We should start by addressing issues nearer to us; easier to implement, simple solutions to which can be adopted both at an individual and community level. The best way to celebrate this day is by realising that collective action with targeted solutions is the way forward. A step towards this is taken by the organisation I work currently in, Public Affairs Centre (PAC) – a not-for-profit think tank dedicated to good governance and environmental sustenance, in the Environment Governance Group. PAC decided to practise what it preaches – by taking efforts to make its two-acre campus carbon-neutral. PAC has now installed solar PV hybrid power plant sufficient to meet the energy requirements of its research and administration wings with the surplus being fed to the electricity grid on weekends. A rainwater harvesting system was also put in place with an estimated harvest of 7 million litres of water annually which is used for various office requirements and to recharge wells installed aids in recharging groundwater levels in the parched industrial area.
 
In addition, an automated weather monitoring station is set up within the campus, the output data from which is displayed on a screen in the reception area. Apart from these major game changes, we have taken a step further by putting in place compost pits in the un-used areas of our campus where wet-waste is collected after segregation and is composted and used for small-scale organic farming of vegetables within the campus. PAC green campus initiatives through this integrated and comprehensive model involves a growing diversity of motivations, such as energy and water security, setting example for other organisations.
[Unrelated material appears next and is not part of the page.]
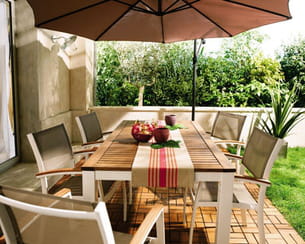 La nature est à l'honneur avec cette salle à manger de jardin : le plateau de la table et les accoudoirs des fauteuils sont en bois. Pour un jardin à la fois classique et contemporain.

Therefore, if organisations have the will they can start change right at the workplace as well.
 
Existing policies have strict rules and regulations but the problem of effective implementation due to lack of awareness and intent is a big obstacle. Active citizenry can play an important role here to increase accountability. We should refuse to participate in this destruction process and resolve as a community to find solutions to problems affecting us and our city. If it is not done sooner, in the process of destroying this city, we will in turn become the victim of this destruction.
 
Agarwal is a programme officer with the Environment Governance Group at Public Affairs Centre, a Bangalore-based not-for-profit think tank.